- WORK ORDER -
Copy nothing but the lines from the one containing "NVIDIA® GeForce® RTX™" through the last line of the records, repeated exactly and without pictures.

#### DATA EXTRACTS ####

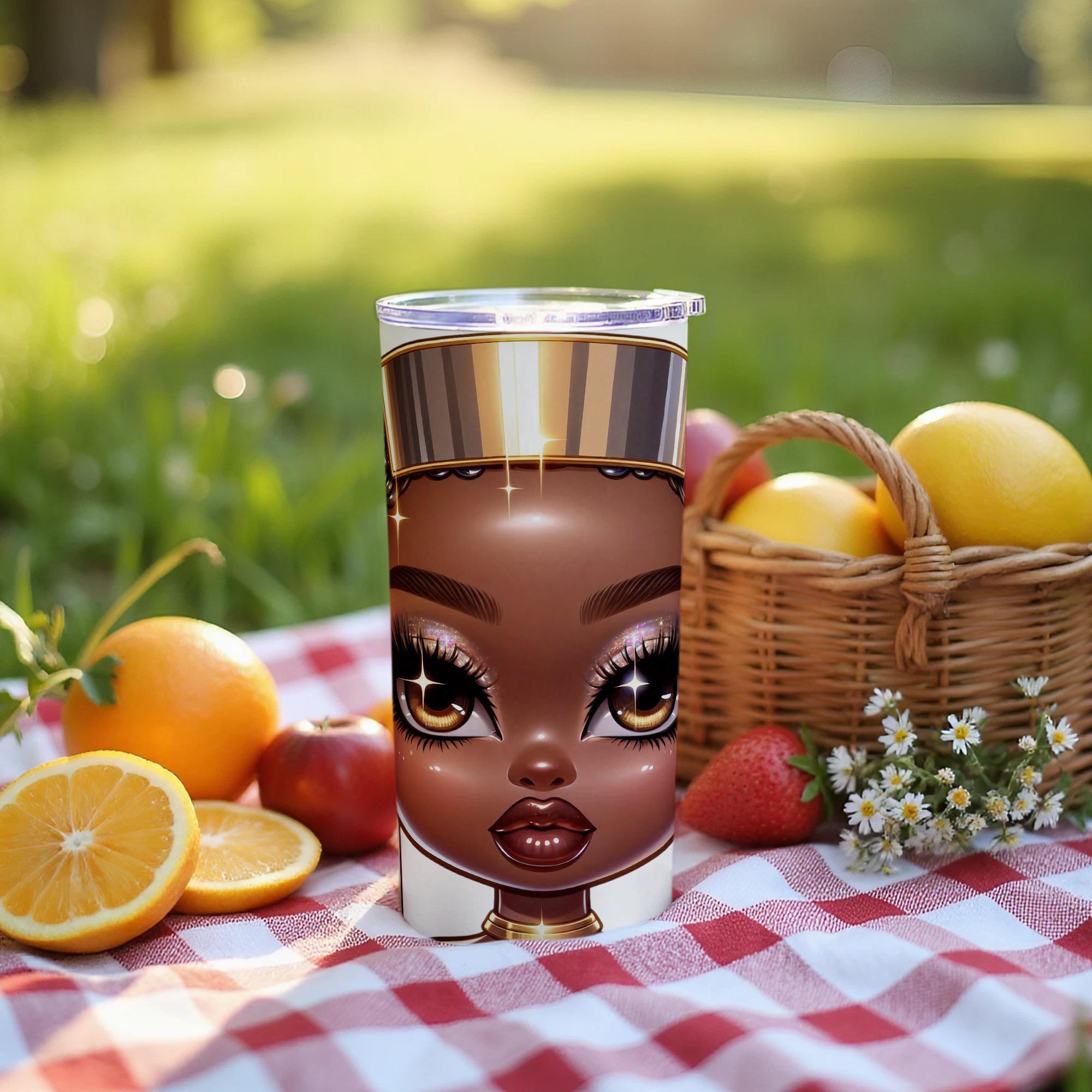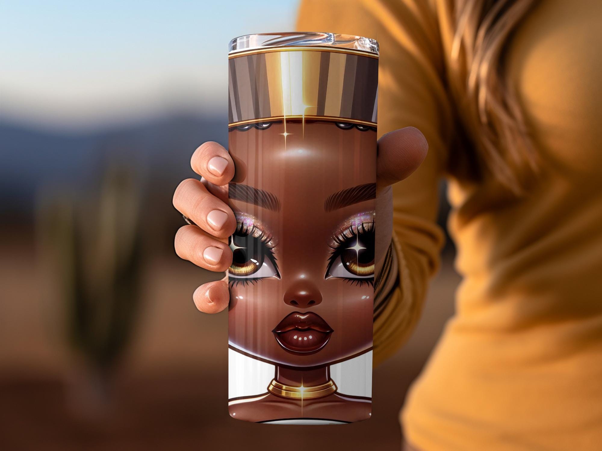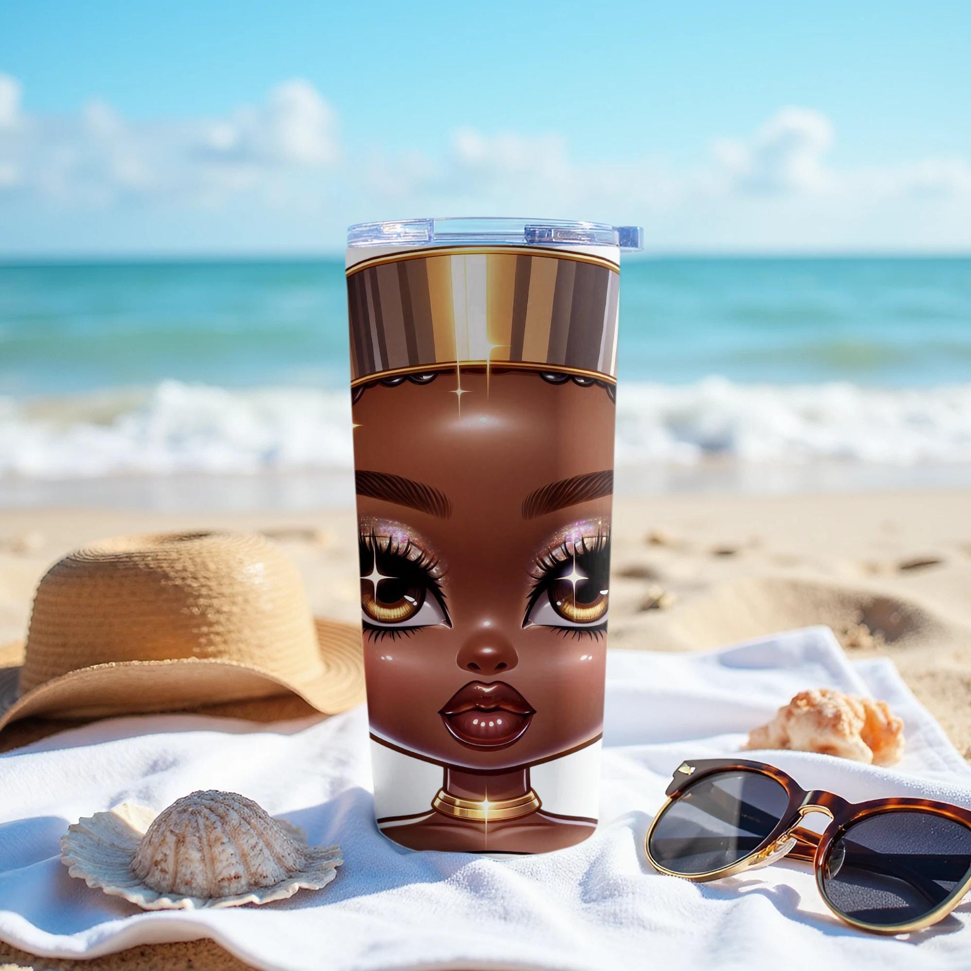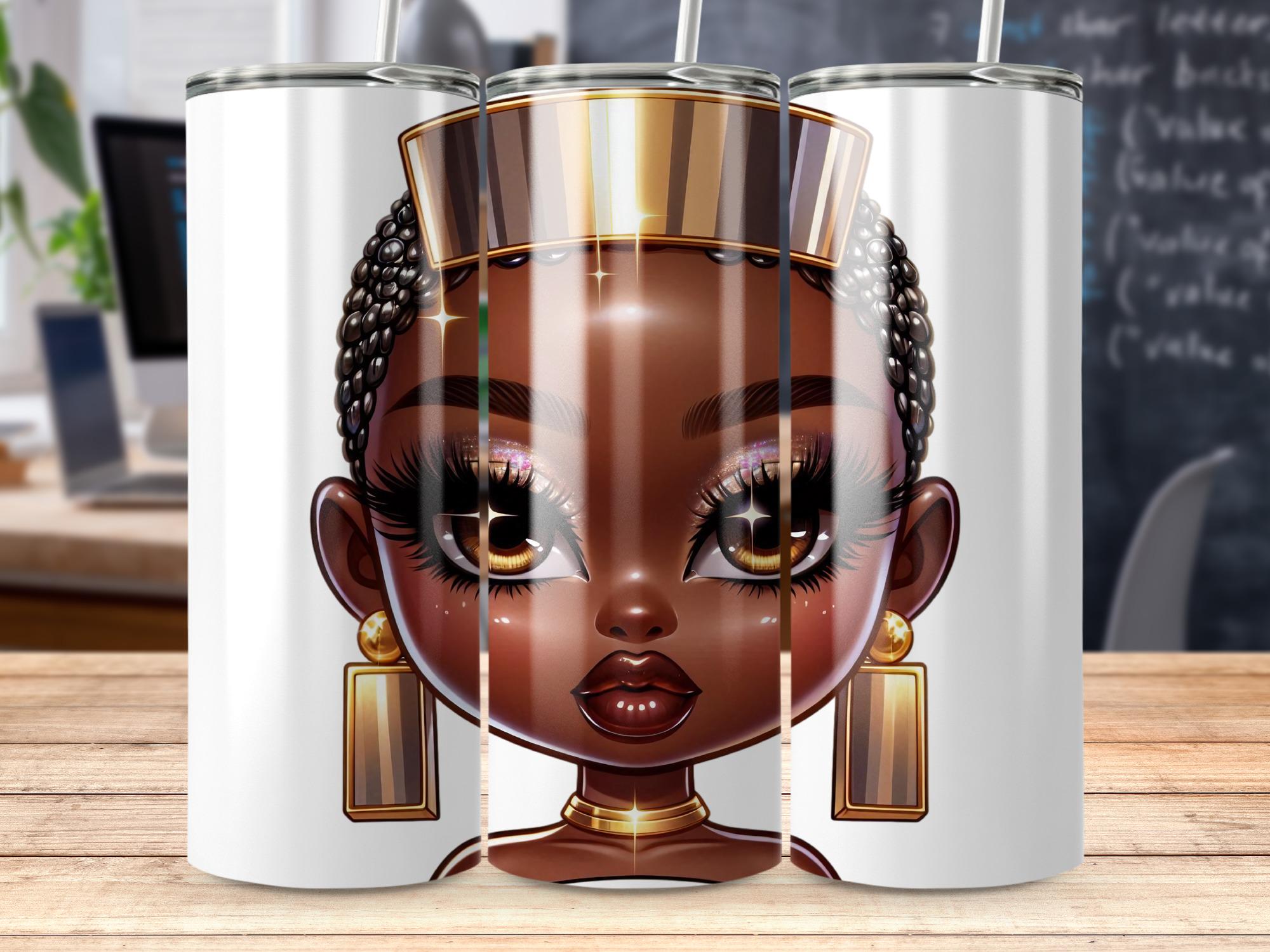 This design showcases a beautifully rendered African Queen with intricate details. Her captivating gaze and regal demeanor make this tumbler a true statement piece.
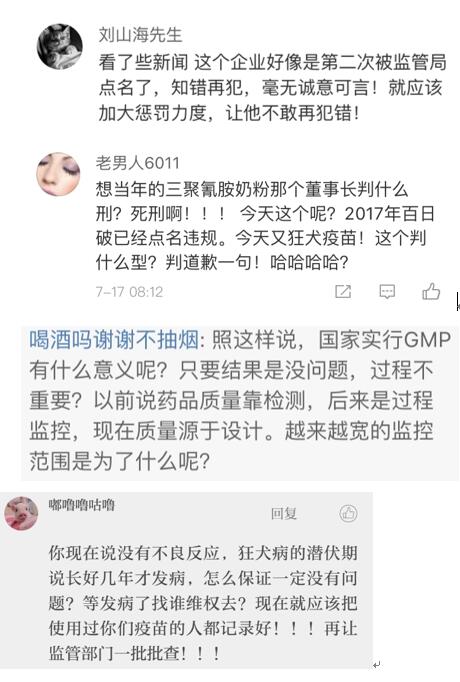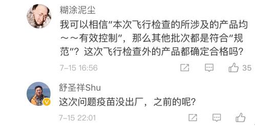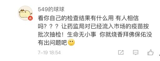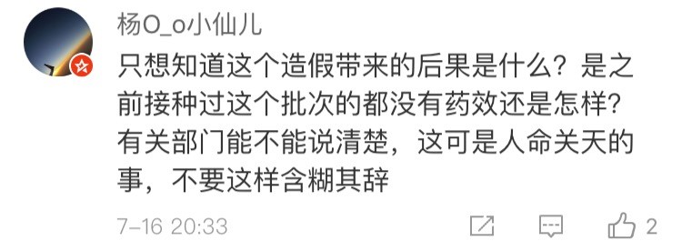 網(wǎng)友“楊O_o小仙兒”表示:“只想知道這個(gè)造假帶來(lái)的后果是什么?是之前接種過(guò)這個(gè)批次的都沒(méi)有藥效還是怎樣?有關(guān)部門(mén)能不能說(shuō)清楚,這可是人命關(guān)天的事,不要這樣含糊其辭。”
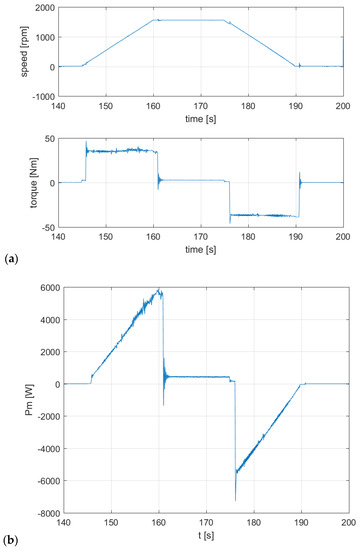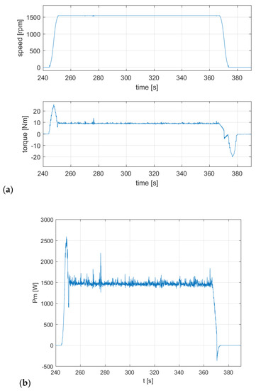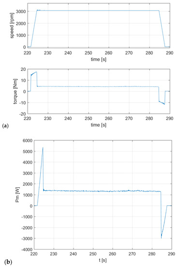 The waveforms of speed and mechanical moment and mechanical power recorded for A cycle on the shaft of the tested motor are, shown in Figure 21. The efficiency of the electric drive system working in cycle A is 75.5% (Table 5). Despite the greater mechanical losses (higher rotational speed), the drive works by consuming less current and, therefore, less active losses in the windings. As a result, the efficiency in this cycle is less than in cycle C but greater than in cycle B.
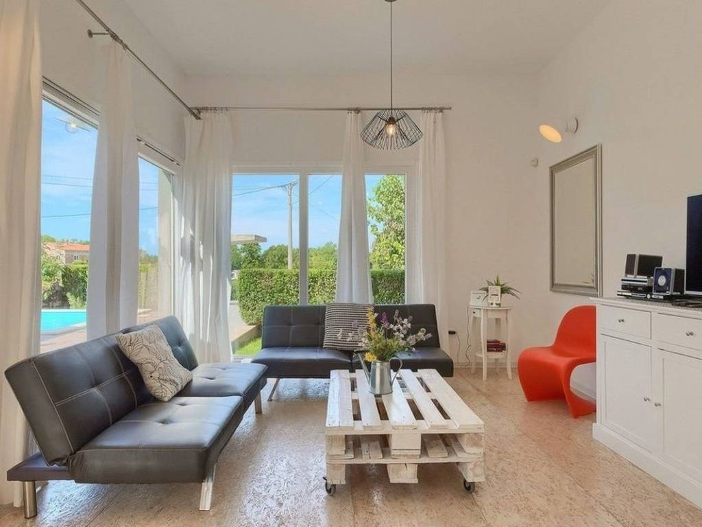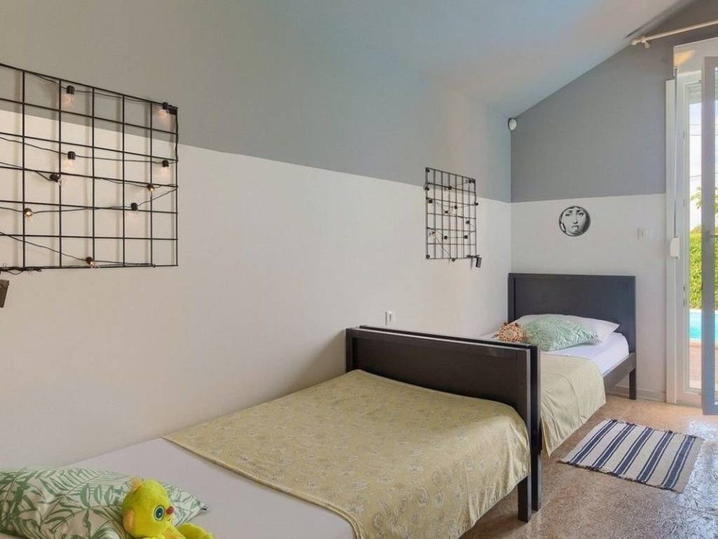 For sale is a single-family house of 120 m², located on a landscaped and fenced plot of 324 m², in a quiet and attractive location just a few minutes drive from Poreč and the sea. The surroundings are quiet and pleasant, which makes this property an ideal choice for family life, vacation or long-term residence. The property is sold fully furnished, which allows immediate move-in without additional investment. The interior layout is designed functionally and practically. The house consists of a fully equipped kitchen with an open-concept dining room and living room, a separate guest toilet, three bedrooms and two modern bathrooms. Large glass walls in the living room provide plenty of natural light and direct access to the terrace and courtyard. In the front part of the garden there is a swimming pool with a sunbathing area, surrounded by tall greenery that provides a sense of privacy and peace. In addition, the atrium with a fireplace and a large table is ideal for gatherings with family and friends throughout the year. The house is equipped with inverter air conditioners that enable efficient heating and cooling, which ensures a pleasant stay in all seasons. The facility is of prefabricated construction, which brings additional energy advantages and faster maintenance. This property represents a combination of practicality, comfort and a peaceful environment near the sea and all important facilities.
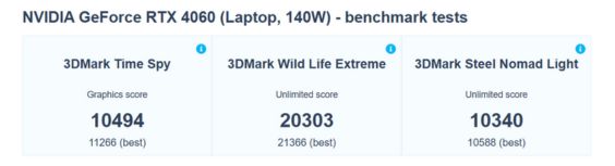 NVIDIA® GeForce® RTX™ 4060 Laptop GPU Up to 140 W |
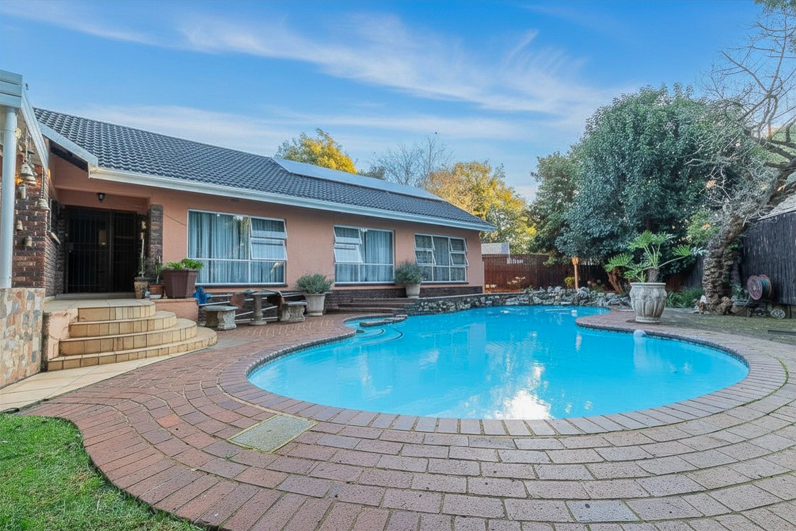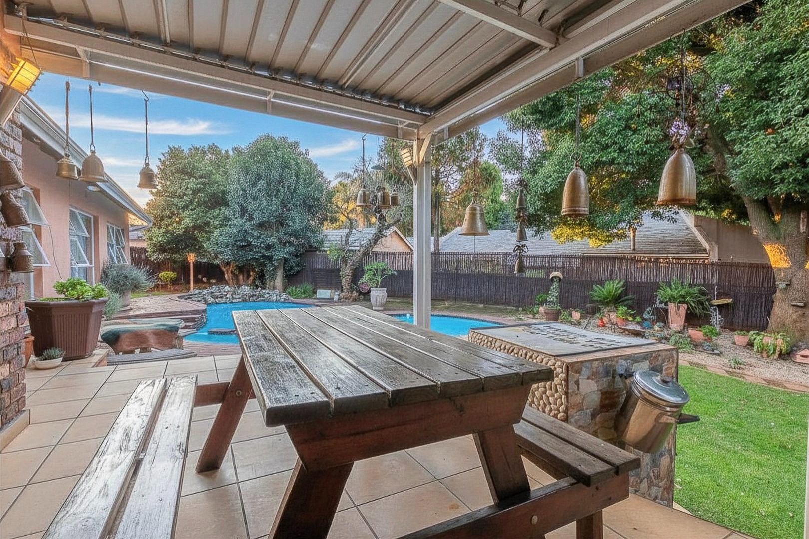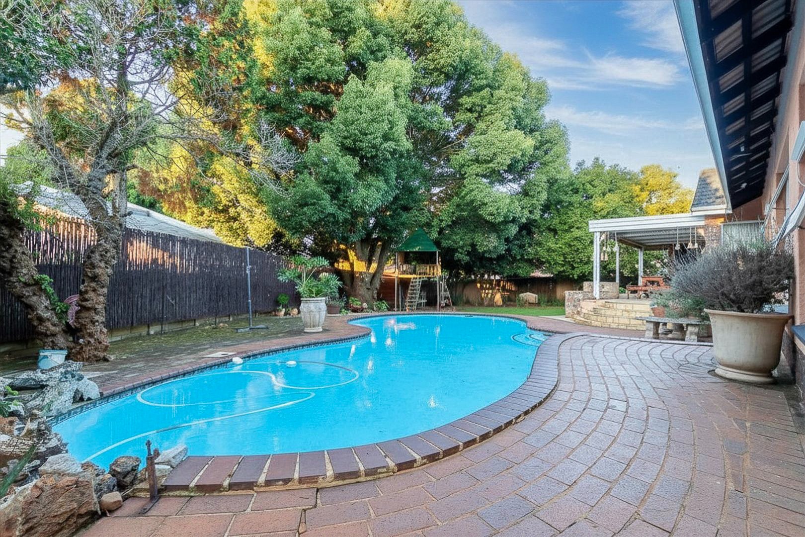 Outside, the property truly shines with a private sparkling blue swimming pool, ideal for cooling off during warmer months, and a built-in braai area for social gatherings. The established garden is fully fenced and totally walled, ensuring privacy and security. Additional practical features include domestic room with outside toilet and a Wendy house for extra storage. The property benefits from a borehole, solar panels, and a battery inverter, promoting energy efficiency and self-sufficiency. Security is enhanced with an alarm system, electric fencing, and CCTV. A double automated garage and additional parking space are provided. Fibre connectivity is also available.

####

- ANSWER SPACE -
 NVIDIA® GeForce® RTX™ 4060 Laptop GPU Up to 140 W |
 Outside, the property truly shines with a private sparkling blue swimming pool, ideal for cooling off during warmer months, and a built-in braai area for social gatherings. The established garden is fully fenced and totally walled, ensuring privacy and security. Additional practical features include domestic room with outside toilet and a Wendy house for extra storage. The property benefits from a borehole, solar panels, and a battery inverter, promoting energy efficiency and self-sufficiency. Security is enhanced with an alarm system, electric fencing, and CCTV. A double automated garage and additional parking space are provided. Fibre connectivity is also available.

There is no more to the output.